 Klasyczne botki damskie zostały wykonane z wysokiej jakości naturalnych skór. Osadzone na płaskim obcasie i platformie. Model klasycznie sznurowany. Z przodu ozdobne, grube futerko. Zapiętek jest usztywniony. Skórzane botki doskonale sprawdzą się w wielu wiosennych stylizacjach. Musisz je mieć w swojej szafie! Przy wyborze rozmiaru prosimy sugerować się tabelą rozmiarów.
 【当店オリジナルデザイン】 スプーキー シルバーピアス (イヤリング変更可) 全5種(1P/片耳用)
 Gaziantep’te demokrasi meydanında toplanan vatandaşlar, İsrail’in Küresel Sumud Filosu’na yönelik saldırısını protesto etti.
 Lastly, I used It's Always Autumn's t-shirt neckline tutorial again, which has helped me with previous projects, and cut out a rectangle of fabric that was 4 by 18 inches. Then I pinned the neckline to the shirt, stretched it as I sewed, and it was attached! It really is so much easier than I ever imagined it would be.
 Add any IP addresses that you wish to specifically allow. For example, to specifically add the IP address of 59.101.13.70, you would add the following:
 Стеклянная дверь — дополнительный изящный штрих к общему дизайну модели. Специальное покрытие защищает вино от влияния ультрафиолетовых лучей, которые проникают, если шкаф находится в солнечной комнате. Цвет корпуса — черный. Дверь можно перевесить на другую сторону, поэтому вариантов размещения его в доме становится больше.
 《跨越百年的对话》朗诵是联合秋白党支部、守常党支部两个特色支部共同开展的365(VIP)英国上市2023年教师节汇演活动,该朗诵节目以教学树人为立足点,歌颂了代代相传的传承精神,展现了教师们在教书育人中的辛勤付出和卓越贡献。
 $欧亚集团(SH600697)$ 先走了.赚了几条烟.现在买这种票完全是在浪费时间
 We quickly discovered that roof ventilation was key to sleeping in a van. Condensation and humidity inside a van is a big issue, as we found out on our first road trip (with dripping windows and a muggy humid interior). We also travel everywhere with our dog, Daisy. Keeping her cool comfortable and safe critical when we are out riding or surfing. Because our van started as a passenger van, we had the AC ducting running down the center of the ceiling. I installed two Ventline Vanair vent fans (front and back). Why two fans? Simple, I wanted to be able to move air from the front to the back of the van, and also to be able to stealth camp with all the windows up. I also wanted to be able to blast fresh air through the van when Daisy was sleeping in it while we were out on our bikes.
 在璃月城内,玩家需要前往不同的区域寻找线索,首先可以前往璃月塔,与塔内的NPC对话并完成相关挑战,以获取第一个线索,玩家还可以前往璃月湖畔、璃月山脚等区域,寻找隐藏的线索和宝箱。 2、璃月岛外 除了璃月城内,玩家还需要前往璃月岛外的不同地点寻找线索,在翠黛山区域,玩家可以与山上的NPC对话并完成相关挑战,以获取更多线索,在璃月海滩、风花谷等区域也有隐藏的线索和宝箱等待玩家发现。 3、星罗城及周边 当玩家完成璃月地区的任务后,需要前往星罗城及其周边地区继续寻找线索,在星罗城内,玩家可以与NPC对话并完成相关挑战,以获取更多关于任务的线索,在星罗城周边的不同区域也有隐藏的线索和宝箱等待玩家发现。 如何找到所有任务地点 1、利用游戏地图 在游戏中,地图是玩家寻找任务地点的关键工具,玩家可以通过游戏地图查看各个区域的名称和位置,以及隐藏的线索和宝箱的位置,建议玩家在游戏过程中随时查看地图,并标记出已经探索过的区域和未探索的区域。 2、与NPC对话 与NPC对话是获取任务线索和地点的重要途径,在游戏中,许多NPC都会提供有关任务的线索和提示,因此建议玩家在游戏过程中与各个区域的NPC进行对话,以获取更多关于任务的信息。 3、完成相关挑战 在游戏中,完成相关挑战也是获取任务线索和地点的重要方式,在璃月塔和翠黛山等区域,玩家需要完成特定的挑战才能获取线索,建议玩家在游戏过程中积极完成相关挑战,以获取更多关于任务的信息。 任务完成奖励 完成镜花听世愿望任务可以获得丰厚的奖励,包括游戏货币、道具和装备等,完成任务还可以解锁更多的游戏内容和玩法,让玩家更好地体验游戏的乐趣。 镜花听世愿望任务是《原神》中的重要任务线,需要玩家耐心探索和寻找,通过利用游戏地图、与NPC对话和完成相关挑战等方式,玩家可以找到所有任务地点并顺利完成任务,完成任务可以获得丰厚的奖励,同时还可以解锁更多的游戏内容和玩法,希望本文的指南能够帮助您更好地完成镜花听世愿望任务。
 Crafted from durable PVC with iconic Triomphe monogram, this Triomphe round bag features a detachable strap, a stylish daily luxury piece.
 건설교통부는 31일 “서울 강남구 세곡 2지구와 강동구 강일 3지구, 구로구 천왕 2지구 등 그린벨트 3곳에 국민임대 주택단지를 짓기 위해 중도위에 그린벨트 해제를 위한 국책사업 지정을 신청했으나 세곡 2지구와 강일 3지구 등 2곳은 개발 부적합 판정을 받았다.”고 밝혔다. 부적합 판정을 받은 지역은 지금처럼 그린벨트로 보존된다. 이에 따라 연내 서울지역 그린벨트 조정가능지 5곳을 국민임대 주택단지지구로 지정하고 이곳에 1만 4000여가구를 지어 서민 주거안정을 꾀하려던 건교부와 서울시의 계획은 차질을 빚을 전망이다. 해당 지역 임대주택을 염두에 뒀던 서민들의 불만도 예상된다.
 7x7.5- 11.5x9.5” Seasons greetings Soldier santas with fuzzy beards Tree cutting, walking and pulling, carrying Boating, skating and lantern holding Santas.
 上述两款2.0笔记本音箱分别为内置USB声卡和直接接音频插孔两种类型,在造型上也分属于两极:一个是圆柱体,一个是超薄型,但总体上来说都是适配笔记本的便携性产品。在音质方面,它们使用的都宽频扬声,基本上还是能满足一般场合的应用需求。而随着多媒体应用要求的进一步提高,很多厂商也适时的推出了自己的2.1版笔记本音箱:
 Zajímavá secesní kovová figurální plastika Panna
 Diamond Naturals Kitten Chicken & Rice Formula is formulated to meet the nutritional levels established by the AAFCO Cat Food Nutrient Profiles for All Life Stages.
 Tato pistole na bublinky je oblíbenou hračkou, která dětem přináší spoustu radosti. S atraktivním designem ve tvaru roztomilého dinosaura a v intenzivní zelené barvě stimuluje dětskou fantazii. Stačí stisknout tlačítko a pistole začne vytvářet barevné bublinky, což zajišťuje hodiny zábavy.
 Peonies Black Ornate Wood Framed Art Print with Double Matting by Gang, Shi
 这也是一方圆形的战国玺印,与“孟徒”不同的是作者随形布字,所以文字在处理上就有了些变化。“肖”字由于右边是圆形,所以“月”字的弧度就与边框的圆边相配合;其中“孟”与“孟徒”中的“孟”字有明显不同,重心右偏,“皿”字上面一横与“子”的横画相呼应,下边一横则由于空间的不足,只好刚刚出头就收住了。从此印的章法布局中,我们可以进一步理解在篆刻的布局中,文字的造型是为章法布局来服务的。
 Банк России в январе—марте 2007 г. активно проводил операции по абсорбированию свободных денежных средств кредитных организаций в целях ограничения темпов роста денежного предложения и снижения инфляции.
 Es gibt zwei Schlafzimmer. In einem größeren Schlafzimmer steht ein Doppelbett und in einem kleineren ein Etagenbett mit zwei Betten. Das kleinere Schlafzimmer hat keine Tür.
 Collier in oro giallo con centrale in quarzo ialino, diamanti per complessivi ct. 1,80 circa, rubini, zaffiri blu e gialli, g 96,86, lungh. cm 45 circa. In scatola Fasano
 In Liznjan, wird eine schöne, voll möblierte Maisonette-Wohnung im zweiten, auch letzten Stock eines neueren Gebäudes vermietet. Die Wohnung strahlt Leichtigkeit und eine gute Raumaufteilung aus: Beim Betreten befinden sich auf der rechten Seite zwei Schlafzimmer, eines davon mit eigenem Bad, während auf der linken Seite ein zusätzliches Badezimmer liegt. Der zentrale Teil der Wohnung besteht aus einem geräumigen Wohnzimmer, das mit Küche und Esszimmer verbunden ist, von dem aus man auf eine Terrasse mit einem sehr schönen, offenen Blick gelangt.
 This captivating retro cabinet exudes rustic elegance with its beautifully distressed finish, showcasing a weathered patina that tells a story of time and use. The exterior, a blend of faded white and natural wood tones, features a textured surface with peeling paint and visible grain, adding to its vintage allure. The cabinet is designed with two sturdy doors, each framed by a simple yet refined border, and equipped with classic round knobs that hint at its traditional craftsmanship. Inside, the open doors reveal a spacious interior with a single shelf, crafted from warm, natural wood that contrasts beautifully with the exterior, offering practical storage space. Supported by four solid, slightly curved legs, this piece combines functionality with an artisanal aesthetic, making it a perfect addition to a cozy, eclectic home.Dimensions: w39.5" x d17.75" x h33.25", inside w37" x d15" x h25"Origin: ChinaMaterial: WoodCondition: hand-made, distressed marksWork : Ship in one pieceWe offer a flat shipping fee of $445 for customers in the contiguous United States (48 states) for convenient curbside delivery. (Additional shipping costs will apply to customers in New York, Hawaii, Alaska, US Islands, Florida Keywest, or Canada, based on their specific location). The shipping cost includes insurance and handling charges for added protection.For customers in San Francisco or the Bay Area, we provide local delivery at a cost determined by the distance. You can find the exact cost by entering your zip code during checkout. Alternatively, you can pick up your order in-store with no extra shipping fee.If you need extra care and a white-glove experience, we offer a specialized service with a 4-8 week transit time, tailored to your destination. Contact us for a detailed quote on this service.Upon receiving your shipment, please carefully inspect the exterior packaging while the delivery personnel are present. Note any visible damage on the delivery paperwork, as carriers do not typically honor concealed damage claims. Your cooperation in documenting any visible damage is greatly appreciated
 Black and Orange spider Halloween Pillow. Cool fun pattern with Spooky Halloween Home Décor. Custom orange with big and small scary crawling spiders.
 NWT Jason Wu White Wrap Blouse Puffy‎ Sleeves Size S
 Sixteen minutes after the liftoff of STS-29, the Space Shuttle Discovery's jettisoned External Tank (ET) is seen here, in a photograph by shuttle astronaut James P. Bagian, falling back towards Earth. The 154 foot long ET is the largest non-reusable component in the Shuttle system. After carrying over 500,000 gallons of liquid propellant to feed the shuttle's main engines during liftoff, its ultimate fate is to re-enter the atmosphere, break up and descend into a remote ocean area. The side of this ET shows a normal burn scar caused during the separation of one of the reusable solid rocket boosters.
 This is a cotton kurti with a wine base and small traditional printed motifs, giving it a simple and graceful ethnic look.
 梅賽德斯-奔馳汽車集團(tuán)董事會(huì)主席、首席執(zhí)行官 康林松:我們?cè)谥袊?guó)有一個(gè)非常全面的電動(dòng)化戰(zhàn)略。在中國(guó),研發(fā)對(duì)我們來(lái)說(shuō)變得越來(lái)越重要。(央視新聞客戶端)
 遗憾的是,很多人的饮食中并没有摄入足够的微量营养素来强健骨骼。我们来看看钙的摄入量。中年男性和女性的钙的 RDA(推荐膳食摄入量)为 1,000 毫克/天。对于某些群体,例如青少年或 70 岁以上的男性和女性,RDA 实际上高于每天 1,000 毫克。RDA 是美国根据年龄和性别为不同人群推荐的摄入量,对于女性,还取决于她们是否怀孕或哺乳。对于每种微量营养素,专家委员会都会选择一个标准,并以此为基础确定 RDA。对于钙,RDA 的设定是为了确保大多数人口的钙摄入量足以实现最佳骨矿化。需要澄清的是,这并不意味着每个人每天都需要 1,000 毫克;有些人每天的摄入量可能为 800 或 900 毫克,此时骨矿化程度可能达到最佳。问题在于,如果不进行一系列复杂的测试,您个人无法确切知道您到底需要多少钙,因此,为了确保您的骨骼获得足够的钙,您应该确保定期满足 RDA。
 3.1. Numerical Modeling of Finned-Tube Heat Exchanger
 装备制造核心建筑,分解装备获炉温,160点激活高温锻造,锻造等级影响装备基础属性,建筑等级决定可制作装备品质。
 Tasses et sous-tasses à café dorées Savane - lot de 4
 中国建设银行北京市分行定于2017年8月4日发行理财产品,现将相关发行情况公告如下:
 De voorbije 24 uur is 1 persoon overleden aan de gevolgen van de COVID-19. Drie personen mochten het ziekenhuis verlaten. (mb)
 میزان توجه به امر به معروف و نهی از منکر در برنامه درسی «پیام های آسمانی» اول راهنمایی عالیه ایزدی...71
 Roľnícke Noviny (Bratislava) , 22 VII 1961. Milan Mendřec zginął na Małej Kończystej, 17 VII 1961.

---*---

Work required ::
Where does the string "small" appear in the records? Copy every line that holds it.

Answer to this exercise ::
 Black and Orange spider Halloween Pillow. Cool fun pattern with Spooky Halloween Home Décor. Custom orange with big and small scary crawling spiders.
 This is a cotton kurti with a wine base and small traditional printed motifs, giving it a simple and graceful ethnic look.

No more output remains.